На прииске осаждали Ивана Ивановича: он постарше и распоряжается всем.
— Здорово, хозяин. Примай на работу.
— У нас артель, и хозяина нет: все равны. Но принять вас в артель мы пока не имеем права.
И объяснял, что сейчас идёт тяжба между артелью и господином Ваницким. Прииск закрыт. Работают они пока по особому разрешению окружного горного инженера. Дали подписку никого в артель не принимать.
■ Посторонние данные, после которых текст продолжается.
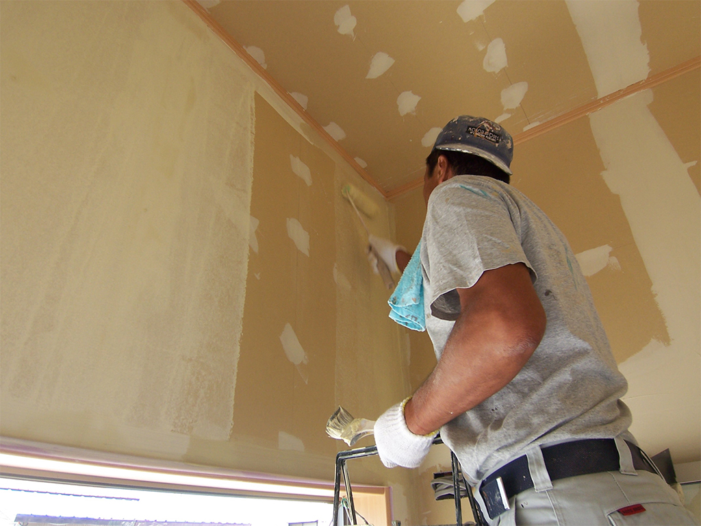 お部屋の内装を、壁紙を張らずにリバースコートを複数回塗って仕上げることで、化学物質の低減・消臭・調湿というリバースコートの特長を最大限発揮することができます。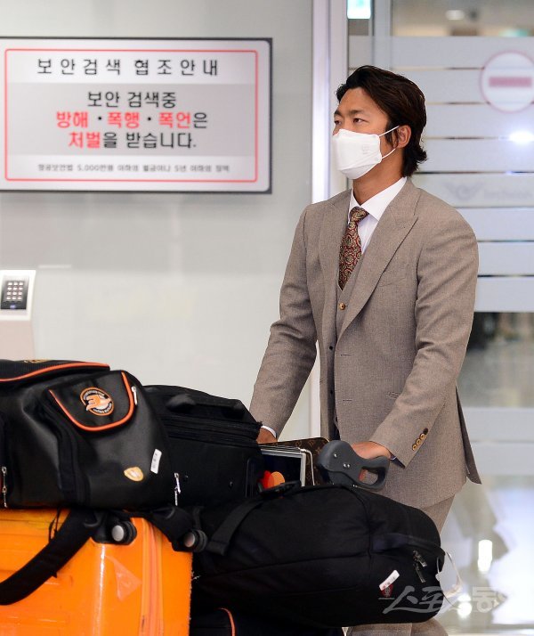 한화가 미국 전지훈련을 마치고 10일 인천국제공항을 통해 귀국했다. 한화 안영명이 입국장을 빠져나오고 있다.

Один из артельщиков, Устин Рогачёв, сейчас в городе, в управлении окружного горного инженера. Приедет на днях, и тогда, чего доброго, самим придется убираться отсюда. Сейчас золото принимает приказчик господина Ваницкого и выдает артели расписки. Кому оно будет принадлежать — пока неизвестно.
— М-мда… Дела… Пойду поищу товарищей да тут недалеча от вас свой шурф выбьем.
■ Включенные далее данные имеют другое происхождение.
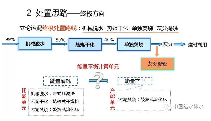 因此,最后只有去“燒”!但是,“燒”必須要經(jīng)過機(jī)械脫水,含水率99%的污泥首先降至80%;然后,再熱干化到40%以下。到40%就可以自持燃燒了。燒,但污泥焚燒千萬不能放在水泥窯中同水泥一塊燒。這樣不對(duì)。會(huì)把磷就全部固定在水泥里,磷再也不能回用了!所以,要單獨(dú)燒。最多可以跟有機(jī)垃圾一塊燒。燒完以后,大量的磷都在灰分里面,需要提取。當(dāng)然了,大家知道,脫水、熱干化、單獨(dú)焚燒都是要輸入能量的,當(dāng)焚燒之后也會(huì)產(chǎn)生能量?,F(xiàn)在我們有一個(gè)問題,就是輸入能量和產(chǎn)生的能量能否達(dá)到平衡?我們需要計(jì)算一下,如果能打個(gè)平手那就是很了不起的事了。

— Нельзя. Мы дали подписку: пока тяжба, на отводе новых шурфов не бить.
— Пусть. Мы пониже отвода али повыше.
— Выше Богомдарованного прииска, — объяснял Иван Иванович, — заявлен Аркадьевский отвод господином Ваницким, потом — Сысоевский. Ниже нас — Софийский отвод жены господина Ваницкого, Анненско-Николаевский — его тетки. И так до самого устья. Вот разве в самой вершине место найдется… Но там набилось вашего брата пришлых, как сельдей в бочке. Балаган к балагану. Если решится тяжба в нашу пользу — милости просим. Всем будем рады. Прииск артельный — каждый сам себе господин.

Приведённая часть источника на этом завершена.